Di sisi penerimaan, DPD juga menyoroti soal kurang bayar Dana Bagi Hasil (DBH) daerah dalam RAPBN 2027. Ahmad mengatakan, hal itu berpotensi membuat tambahan risiko fiskal bagi daerah. Pagu DBH di RAPBN 2027 dipatok hanya Rp63 triliun, atau turun 62,5% dibanding realisasi 2025 lalu.

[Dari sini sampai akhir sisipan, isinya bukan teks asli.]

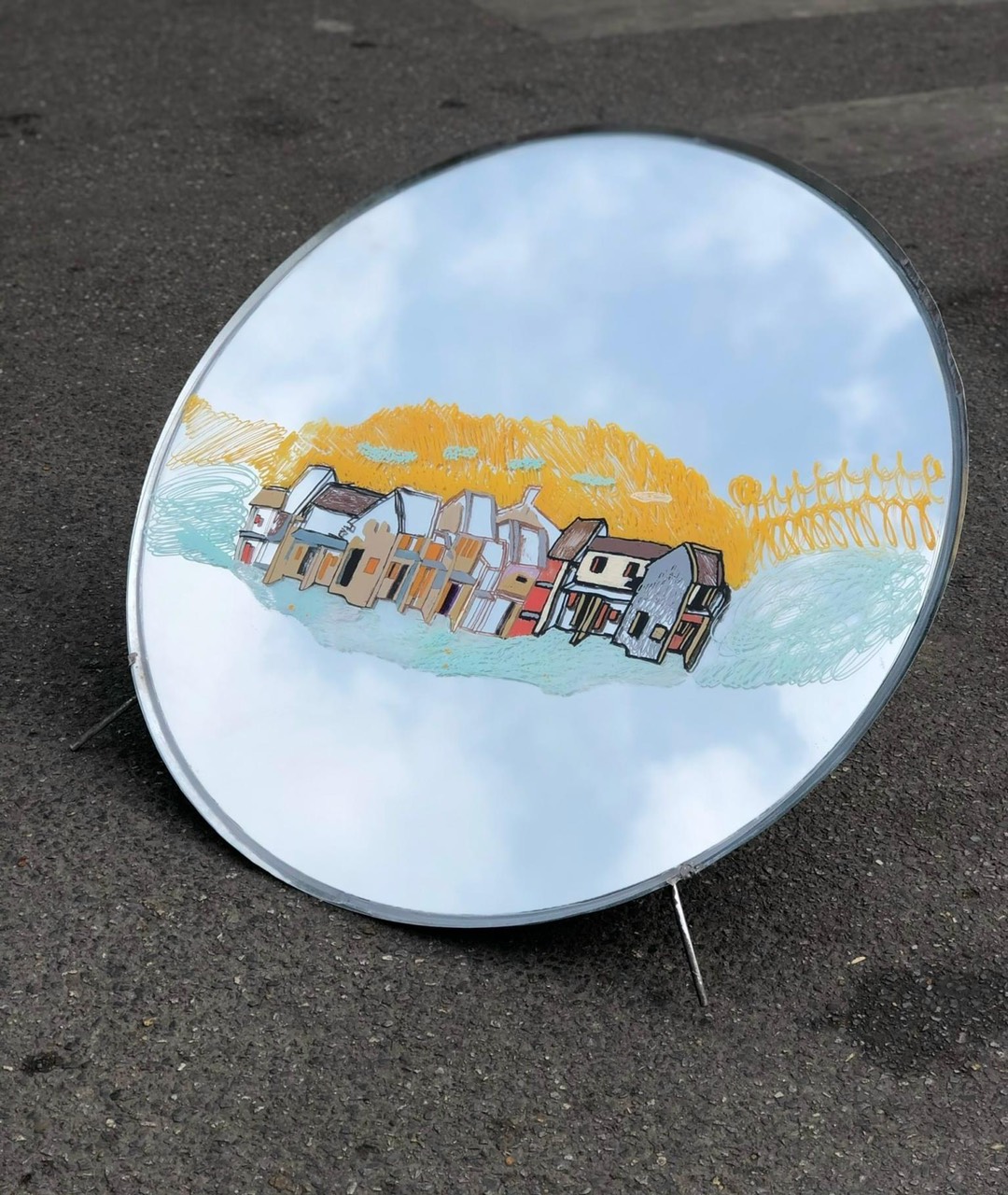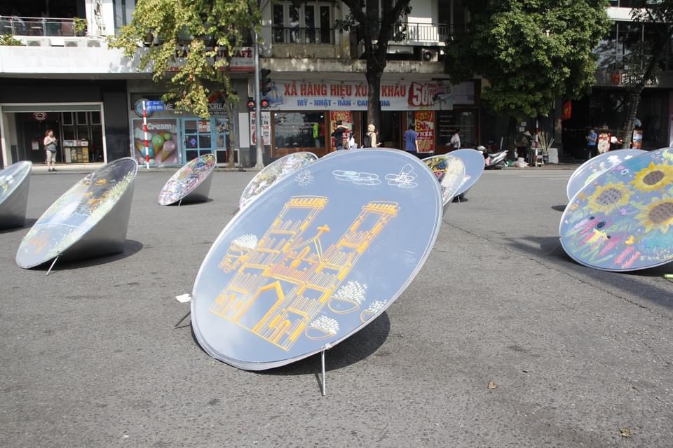 Sắp đặt “Hà Nội trong gương” của Tòhe được lấy ý tưởng từ sự phản chiếu không gian qua khối gương được tạo hình từ chiếc nón lá truyền thống của Việt Nam. Trên những tấm gương, bên cạnh các nét vẽ tương tác của người tham gia sự kiện, là11 bức tranh danh lam thắng cảnh đặc trưng của Thủ đô được thực hiện bởi các Nghệ sĩ tại Lớp Coaching nghệ thuật Tohe Fun./.
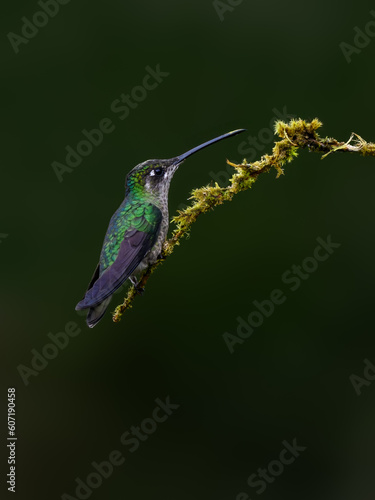 Obraz premium Talamanca Hummingbird portrait on mossy stick against green background

Hal ini membuat daerah hanya menerima dana jauh lebih sedikit dan bukan karena dana sumbangan ke pusat berkurang, melainkan ada perbedaan cara pembagian yang mulai berubah.

Dia lantas menyoroti pemerintah pusat telah mematok target PNBP di RAPBN 2027 sekitar Rp283 triliun yang berasal dari sumber daya alam (SDA) di daerah yang meliputi minyak, tambang, hingga perairan yang dampaknya dirasakan oleh warga setempat.

"Banyak perusahaan beroperasi di daerah, tetapi membayar pajaknya di kota besar, tempat kantor pusatnya di sana. Daerah menanggung jalan yang susah dan lingkungan terdampak, tapi pajaknya tercatat ditempat lain," tutur dia.